-- Opening Marker --

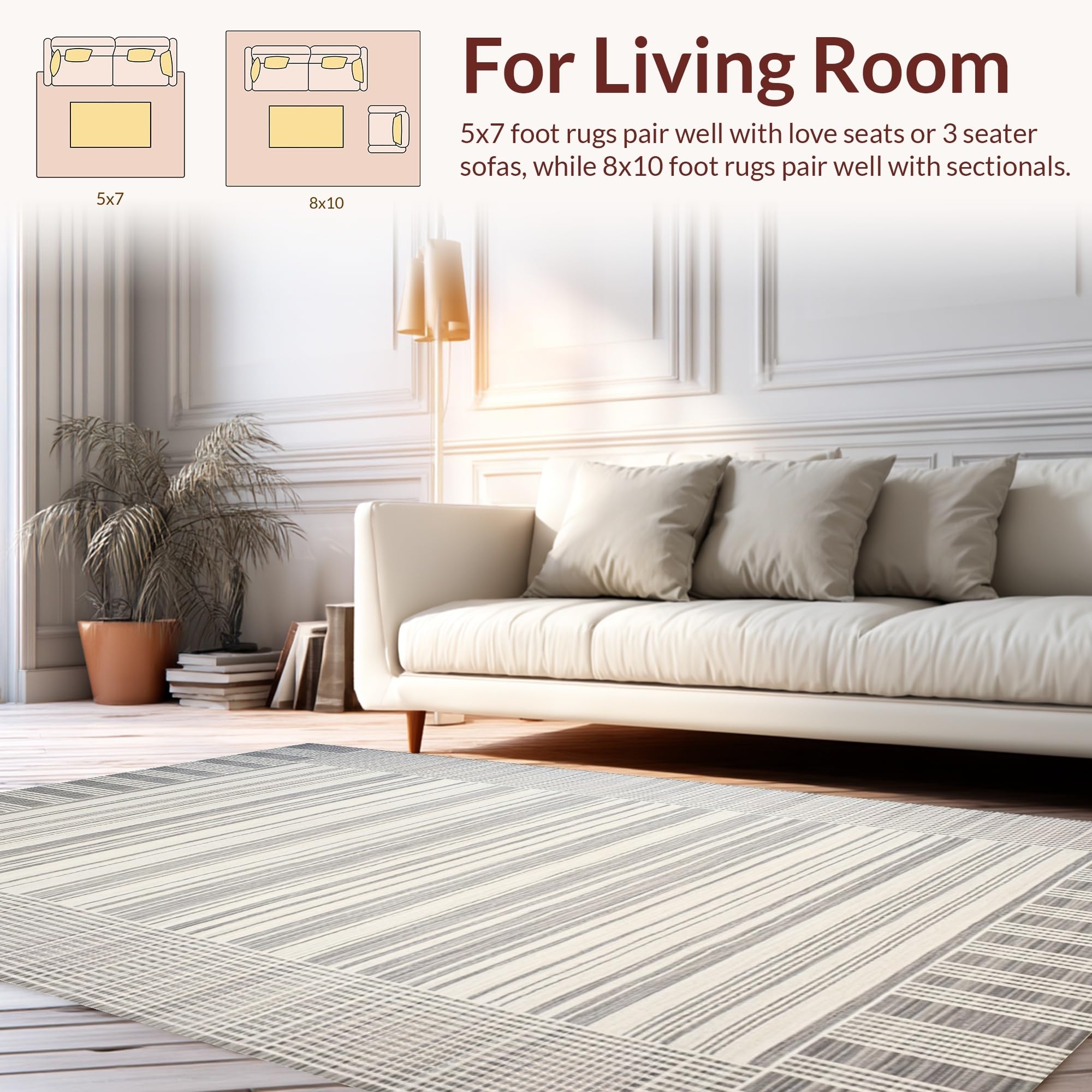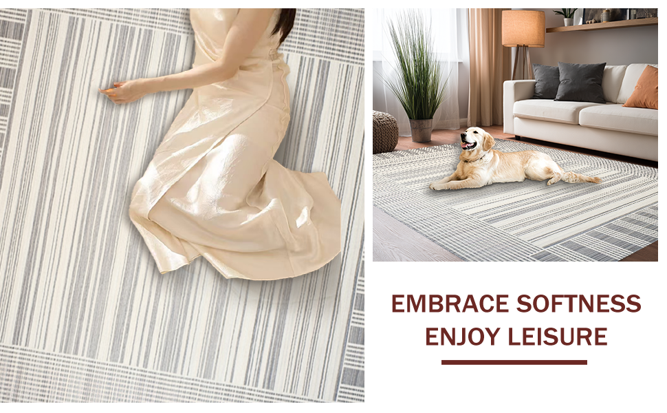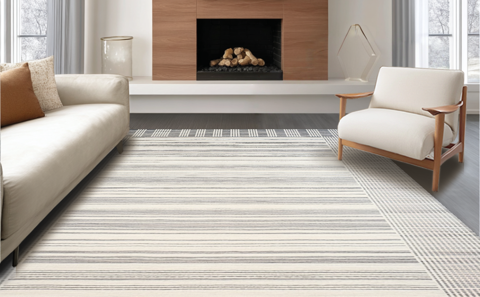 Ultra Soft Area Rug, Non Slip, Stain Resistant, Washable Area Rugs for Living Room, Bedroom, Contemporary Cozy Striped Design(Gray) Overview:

-- Closing Marker --
-- Opening Marker --

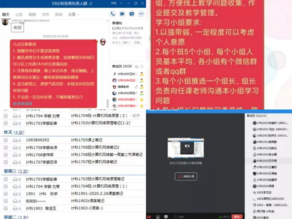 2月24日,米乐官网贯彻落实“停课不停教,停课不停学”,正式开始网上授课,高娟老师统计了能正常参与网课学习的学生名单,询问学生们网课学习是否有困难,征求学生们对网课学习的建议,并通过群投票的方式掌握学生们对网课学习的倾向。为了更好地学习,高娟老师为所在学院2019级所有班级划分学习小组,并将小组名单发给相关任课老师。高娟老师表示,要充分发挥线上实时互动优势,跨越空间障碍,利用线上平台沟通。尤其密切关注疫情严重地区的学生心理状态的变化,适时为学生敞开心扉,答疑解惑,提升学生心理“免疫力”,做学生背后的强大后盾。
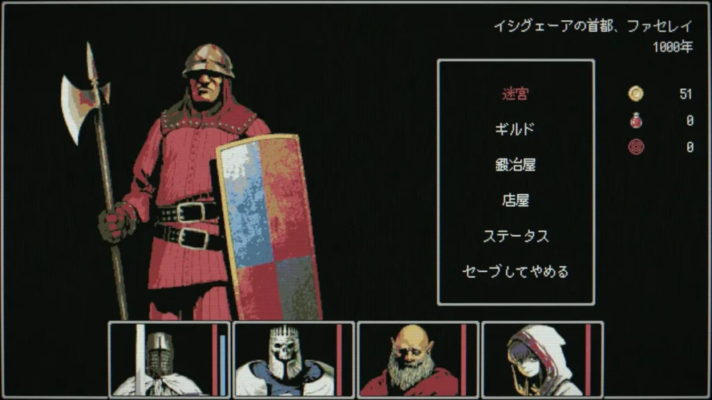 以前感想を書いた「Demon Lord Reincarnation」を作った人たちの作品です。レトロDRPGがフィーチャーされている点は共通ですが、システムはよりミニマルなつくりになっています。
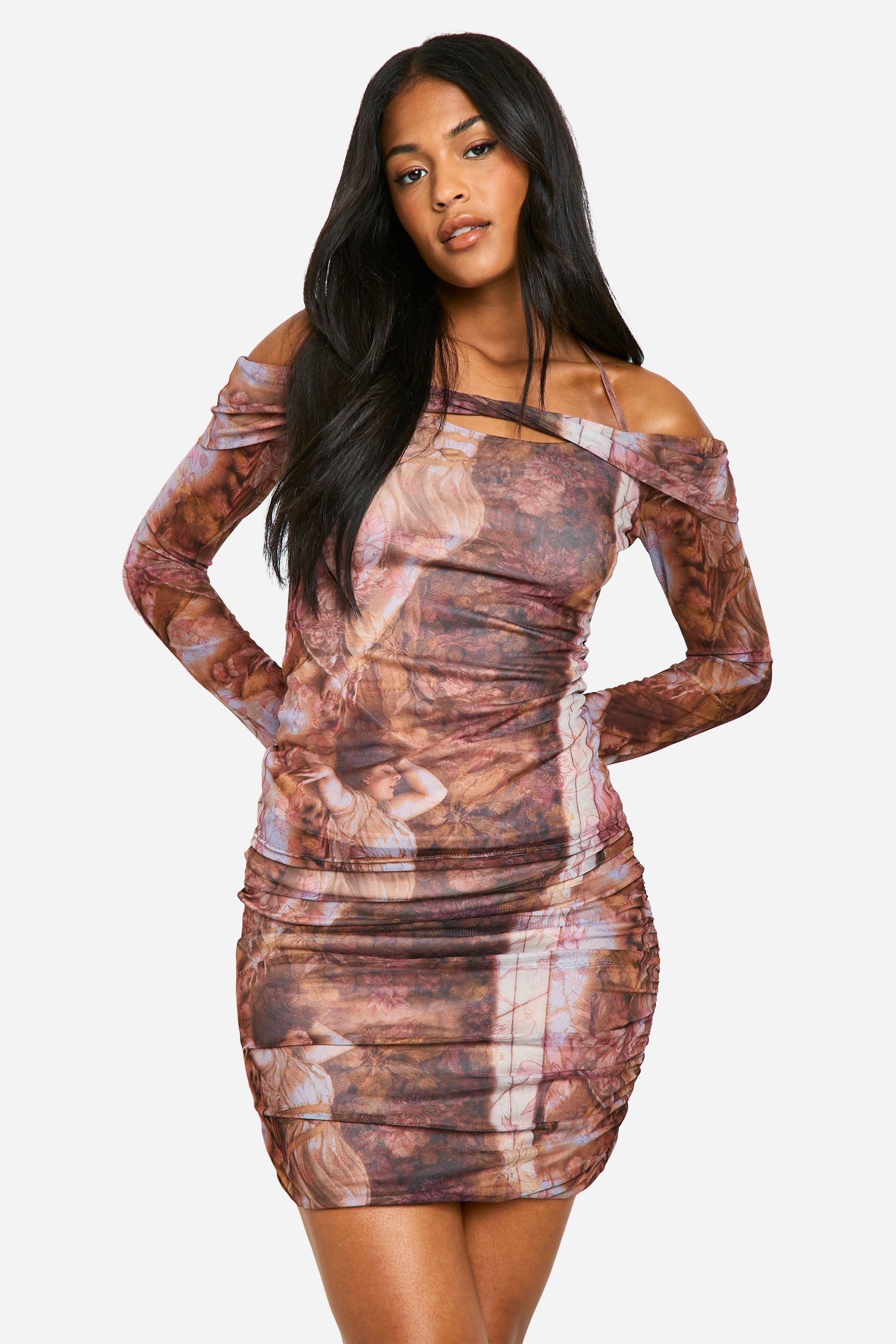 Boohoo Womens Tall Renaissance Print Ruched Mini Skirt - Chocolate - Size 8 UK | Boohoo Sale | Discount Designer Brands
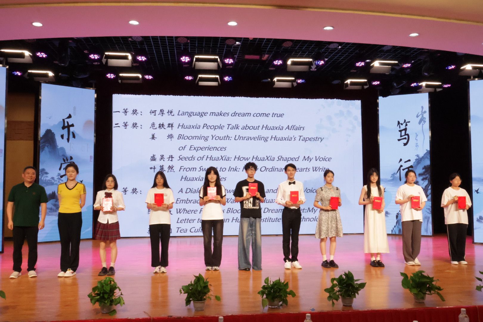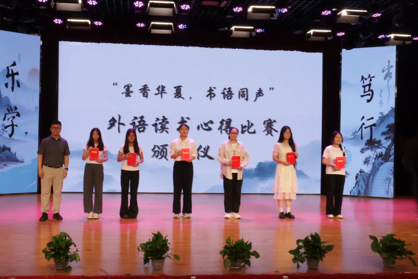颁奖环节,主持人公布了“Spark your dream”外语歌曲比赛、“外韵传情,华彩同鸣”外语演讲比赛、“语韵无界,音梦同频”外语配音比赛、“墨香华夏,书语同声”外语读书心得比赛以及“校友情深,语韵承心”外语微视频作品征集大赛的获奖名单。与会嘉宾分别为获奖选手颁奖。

-- Closing Marker --
-- Opening Marker --

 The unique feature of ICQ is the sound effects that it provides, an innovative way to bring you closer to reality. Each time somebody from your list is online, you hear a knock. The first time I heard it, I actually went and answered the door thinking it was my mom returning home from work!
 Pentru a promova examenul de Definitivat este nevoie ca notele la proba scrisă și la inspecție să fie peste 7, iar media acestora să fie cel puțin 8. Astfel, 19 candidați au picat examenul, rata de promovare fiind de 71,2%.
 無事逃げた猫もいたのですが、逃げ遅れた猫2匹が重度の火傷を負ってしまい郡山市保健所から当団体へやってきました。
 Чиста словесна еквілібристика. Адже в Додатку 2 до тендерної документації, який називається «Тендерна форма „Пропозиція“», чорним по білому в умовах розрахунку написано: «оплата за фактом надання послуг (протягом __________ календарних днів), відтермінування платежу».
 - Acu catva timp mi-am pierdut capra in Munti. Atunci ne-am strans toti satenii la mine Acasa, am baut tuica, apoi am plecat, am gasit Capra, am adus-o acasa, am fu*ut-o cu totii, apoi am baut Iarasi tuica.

-- Closing Marker --

Work instruction ▸ Once the line with "2月24日,米乐官网贯彻落实" is found in the data above, reproduce it and each line after it exactly, through the line with "Boohoo Womens Tall". Omit the pictures.

Answer for the task ▸
 2月24日,米乐官网贯彻落实“停课不停教,停课不停学”,正式开始网上授课,高娟老师统计了能正常参与网课学习的学生名单,询问学生们网课学习是否有困难,征求学生们对网课学习的建议,并通过群投票的方式掌握学生们对网课学习的倾向。为了更好地学习,高娟老师为所在学院2019级所有班级划分学习小组,并将小组名单发给相关任课老师。高娟老师表示,要充分发挥线上实时互动优势,跨越空间障碍,利用线上平台沟通。尤其密切关注疫情严重地区的学生心理状态的变化,适时为学生敞开心扉,答疑解惑,提升学生心理“免疫力”,做学生背后的强大后盾。
 以前感想を書いた「Demon Lord Reincarnation」を作った人たちの作品です。レトロDRPGがフィーチャーされている点は共通ですが、システムはよりミニマルなつくりになっています。
 Boohoo Womens Tall Renaissance Print Ruched Mini Skirt - Chocolate - Size 8 UK | Boohoo Sale | Discount Designer Brands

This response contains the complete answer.